This is sad to see...
msg256806 - (view) Author: R. David Murray (r.david.murray) * (Python committer) Date: 2015-12-21 20:14
You'd have to do that anyway if we implemented a delete=False constructor argument, since you want it deleted if there are any errors, and that's not what a delete=False API would do.  

If it were me, I'd write it (untested)

  @contextlib.contextmanager
  def open_for_atomic_replace(fn):
    try:
        fd, name = tempfile.mkstemp()
        with io.open(fd) as fff:
            yield fff
        fff.flush()
        os.fdatasync(fff)
        os.rename(name, fn)
    except BaseException:
        os.unlink(name)
        raise

which would make your code simpler than it is now.

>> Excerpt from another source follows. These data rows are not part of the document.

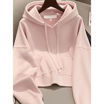 粉色連帽衛衣外套高級感春秋女款2025年新款小個子純色短款女上衣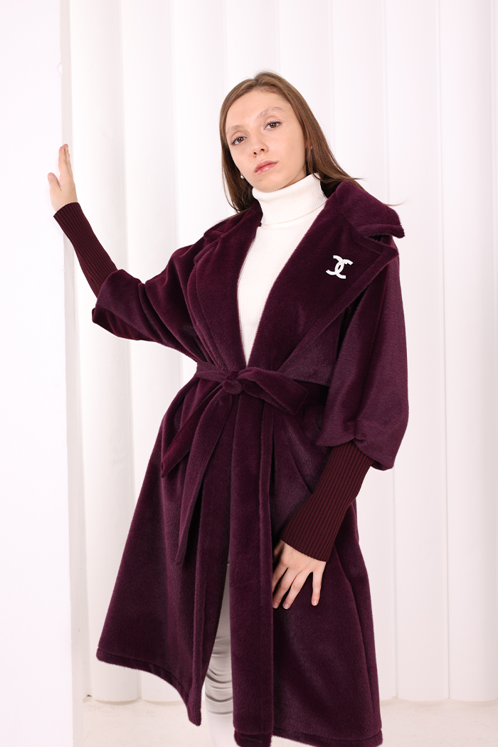 Bel Kuşaklı Yaka Taş Broş Detaylı Kaban 7874 Mor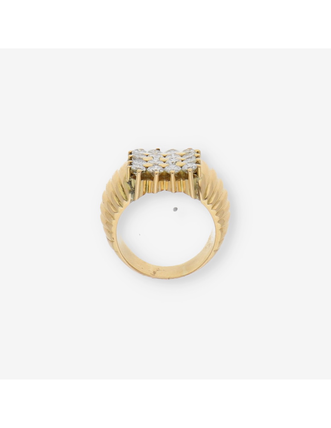 Precioso sello de segunda mano en oro amarillo de primera ley con un acabado rectangular con brillantes. Una pieza clásica, ideal para los amantes de los sellos. Talla: 14. Peso: 14.78gr.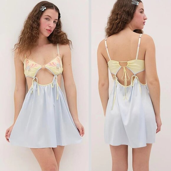 For Love & Lemons Yellow Blue Pastel Papillon Embroidered Slip Dress Size L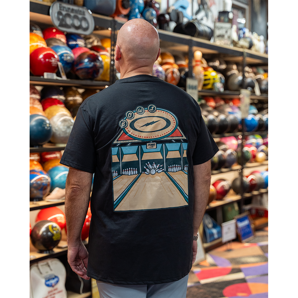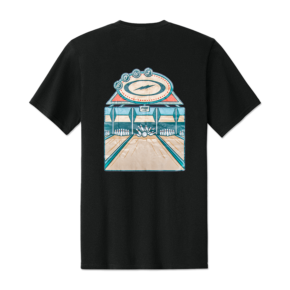 Classic comfort meets retro bowling vibes. This tee features a soft, breathable cotton/poly blend with a clean beige logo on the chest and a bold, vintage-inspired bowling alley graphic on the back. Whether you're spending the day at the lanes or just showing your love for the game, this shirt brings the energy and nostalgia in all the right ways.
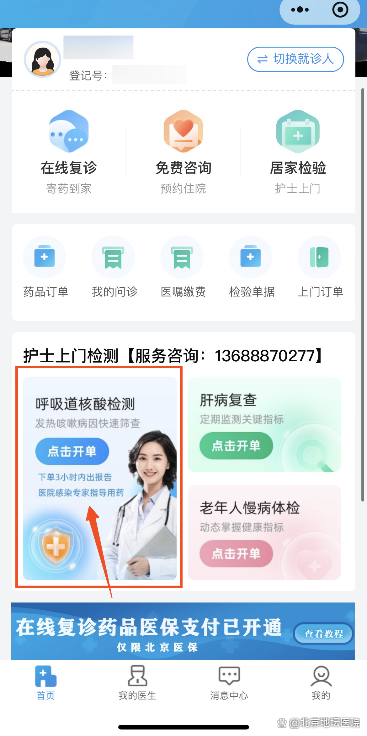 轻松搞定预约:微信搜索“北京地坛医院互联网医院”,登录小程序并绑定就诊人后,点击“呼吸道核酸检测”功能入口,按流程指引操作即可轻松完成预约。

Naming it 'open_for_atomic_replace' reminded me of issue 8604, which is what you really want, not delete=False.
msg256816 - (view) Author: Eryk Sun (eryksun) * (Python triager) Date: 2015-12-21 23:54
> To extend support for this to Windows, we can add a 
> feature to mkstmp to not use O_TEMPORARY

O_TEMPORARY is only used for NamedTemporaryFile, not mkstemp. 

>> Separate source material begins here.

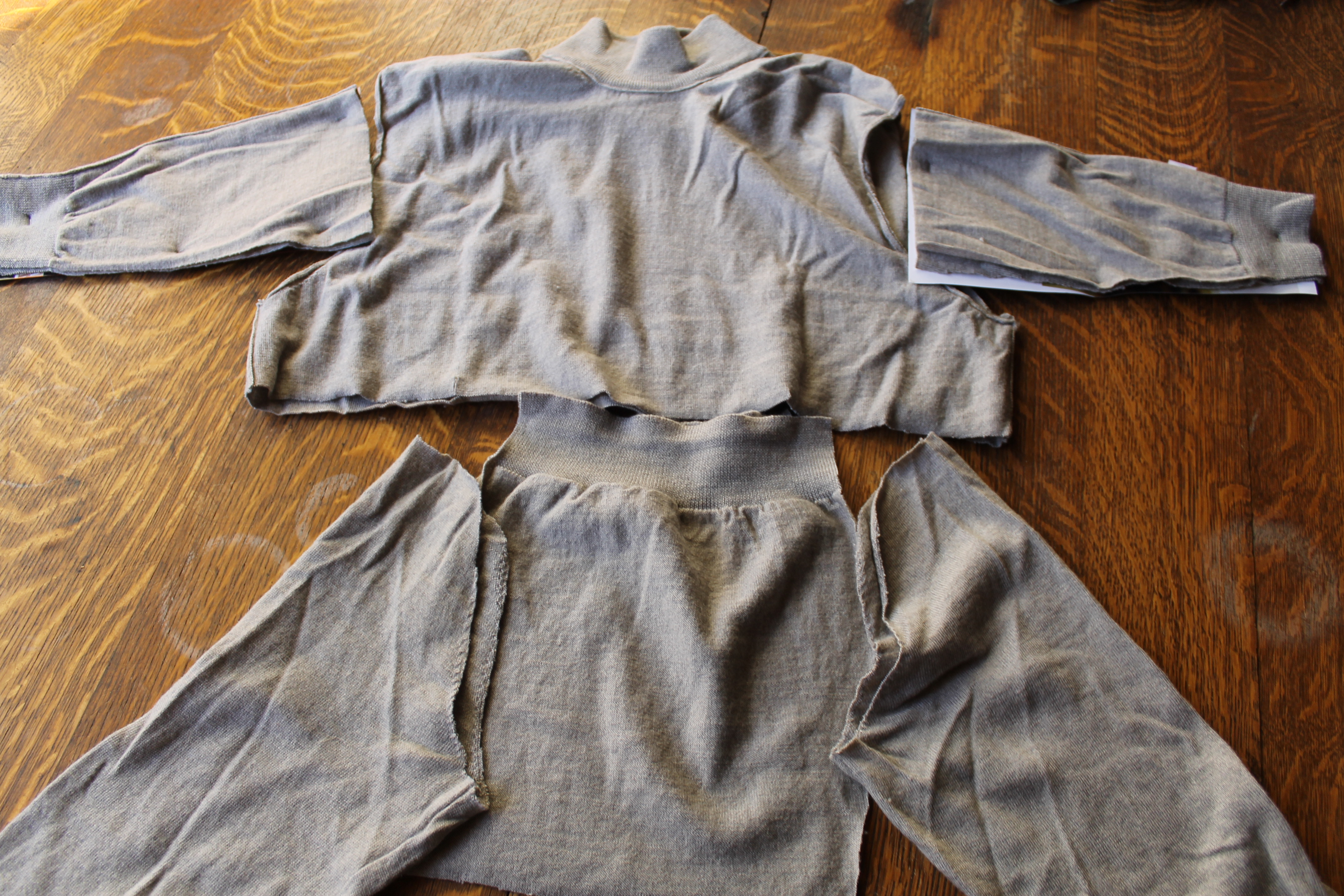 It looked like it had been shrunk so no grown man could wear it, but it was perfect for us. I did some made up in the moment moves to leave on the collar, button strip and wrist cuffs. I just cut off the sleeves and reattached them much closer in. I then sewed up the sides to fit a 18 month old and hemmed it appropriately.

Regarding NamedTemporaryFile, that can be worked around to keep Windows from deleting the file. Just open a second handle with DELETE (0x00010000) access before closing the first one. Then close the first handle. Finally, use the second handle to call SetFileInformationByHandle [1] to remove the delete disposition. 

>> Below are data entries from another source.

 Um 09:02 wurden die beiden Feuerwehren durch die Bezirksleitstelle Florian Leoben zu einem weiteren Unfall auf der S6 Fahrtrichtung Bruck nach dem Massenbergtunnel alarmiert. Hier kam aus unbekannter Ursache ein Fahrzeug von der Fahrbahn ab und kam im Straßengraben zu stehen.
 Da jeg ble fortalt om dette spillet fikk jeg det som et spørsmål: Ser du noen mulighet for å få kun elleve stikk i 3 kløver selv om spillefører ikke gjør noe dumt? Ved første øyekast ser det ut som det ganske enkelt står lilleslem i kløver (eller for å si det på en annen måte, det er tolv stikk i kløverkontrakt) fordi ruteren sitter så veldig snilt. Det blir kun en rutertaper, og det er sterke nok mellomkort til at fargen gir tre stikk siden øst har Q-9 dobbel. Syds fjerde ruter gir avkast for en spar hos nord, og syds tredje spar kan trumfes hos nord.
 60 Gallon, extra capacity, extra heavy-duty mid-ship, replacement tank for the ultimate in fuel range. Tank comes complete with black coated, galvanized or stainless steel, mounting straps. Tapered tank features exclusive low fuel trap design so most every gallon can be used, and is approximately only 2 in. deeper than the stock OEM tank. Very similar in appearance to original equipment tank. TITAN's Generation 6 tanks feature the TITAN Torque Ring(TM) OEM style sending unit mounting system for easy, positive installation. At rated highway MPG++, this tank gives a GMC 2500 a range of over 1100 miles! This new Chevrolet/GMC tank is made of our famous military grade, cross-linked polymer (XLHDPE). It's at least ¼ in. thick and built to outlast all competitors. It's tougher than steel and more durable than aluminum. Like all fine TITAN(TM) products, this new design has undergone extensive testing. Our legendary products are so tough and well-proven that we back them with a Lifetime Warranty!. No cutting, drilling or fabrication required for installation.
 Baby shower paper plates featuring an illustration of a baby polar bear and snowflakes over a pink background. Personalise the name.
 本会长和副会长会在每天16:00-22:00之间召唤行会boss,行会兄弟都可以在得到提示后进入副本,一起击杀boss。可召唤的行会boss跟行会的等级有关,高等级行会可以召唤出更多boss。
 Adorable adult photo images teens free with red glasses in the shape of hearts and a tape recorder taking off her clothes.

Since using O_TEMPORARY opens the file with DELETE access, you have to open the new handle with delete sharing. Unfortunately the CRT only provides O_TEMPORARY for opening a file with delete access and delete sharing, so just call CreateFile [2] directly instead. For example:

    >>> import os, tempfile, msvcrt, ctypes
    >>> kernel32 = ctypes.WinDLL('kernel32', use_last_error=True)
    >>> f1 = tempfile.NamedTemporaryFile()
    >>> f1.write(b'spam')
    4
    >>> h = kernel32.CreateFileW(f1.name, 0xC0010000, 7,
    ...                          None, 3, 0x80, None)
    >>> f1.close()
    >>> os.path.exists(f1.name) # really, it does exist
    False
    >>> info = (ctypes.c_int * 1)(0)
    >>> kernel32.SetFileInformationByHandle(h, 4, info, 4)
    1
    >>> os.path.exists(f1.name)
    True
    >>> f2 = os.fdopen(msvcrt.open_osfhandle(h, os.O_RDWR), 'r+')
    >>> f2.read()
    'spam'

Notice that right after f1 is closed, os.path.exists(f1.name) lies, saying the file no longer exists. The problem is you can't stat the file at this point because you can't open a *new* handle to a file that's marked for deletion. But you can use the existing handle to remove the delete disposition, after which the file is resurrected.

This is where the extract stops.